131 Misc. 323, 227 N.Y.S. 526, 1928 N.Y. Misc. LEXIS 748
CourtNew York Supreme Court
DecidedFebruary 7, 1928
StatusPublished
Cited by1 cases

This text of 131 Misc. 323 (Johnston v. Johnston) is published on Counsel Stack Legal Research, covering New York Supreme Court primary law. Counsel Stack provides free access to over 12 million legal documents including statutes, case law, regulations, and constitutions.

Bluebook
Johnston v. Johnston, 131 Misc. 323, 227 N.Y.S. 526, 1928 N.Y. Misc. LEXIS 748 (N.Y. Super. Ct. 1928).

Opinion

Rhodes, J.

This is an action in equity wherein plaintiff seeks to set aside a sale of a decedent’s real estate made under an order of the Surrogate’s Court pursuant to subdivision 6 of section 234 of the Surrogate’s Court Act; also plaintiff seeks other incidental relief.
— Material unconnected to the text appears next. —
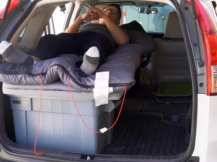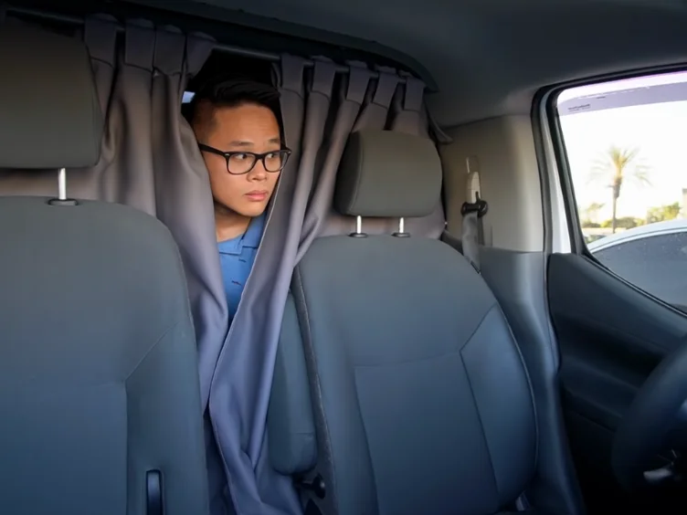 Step inside Jake’s car, and you’ll find a marvel of efficiency and design. What once was a standard sedan has been transformed into a cozy, functional living space. The backseat, now a comfortable bed with storage underneath, maximizes the small space. Soft, battery-powered lights hang from the ceiling, creating a cozy atmosphere, while insulated curtains offer privacy and temperature control.

The property in question was owned by Charles H. Johnston, who died about February 2, 1917, leaving a will whereby he gave all of his property to his wife Lillie ” (Lillian) Johnston so long as she shall live and shall remain a widow.” Upon the death or remarriage of his said wife, testator gave to his son Harvey T. Johnston the sum of $500. The residue of his estate is disposed of by the “ fourth ” and fifth ” paragraphs of his said will, as follows:

Fourth. I give, devise and bequeath all the rest, remainder and residue of my property upon the death or remarriage of my wife Lillie Johnston, to my sons Roscoe Johnston and George Johnston to have the same forever.
“Fifth. I further authorize my executor and direct that the said money and property shall not be given to either of my said sons until he shall have reached the age of twenty-one years. And in case of my wife’s death before either or both of my said boys [325]*325become of age, I direct my executor to invest the money and property for the said son or sons until they reach maturity.”

Charles H. Johnston left surviving him his said wife and his sons Harvey T. Johnston, Roscoe Johnston and George H. Johnston his only heirs at law.

George H. Johnston was an infant under the age of twenty-one years and became twenty-one years of age on the 3d day of April, 1925.

Roscoe Johnston died intestate March 10, 1920, leaving no children or descendants but leaving a widow, Martha Johnston, and his mother, the said Lillian M. Johnston, and his brothers Harvey T. Johnston and George H. Johnston, his only heirs at law.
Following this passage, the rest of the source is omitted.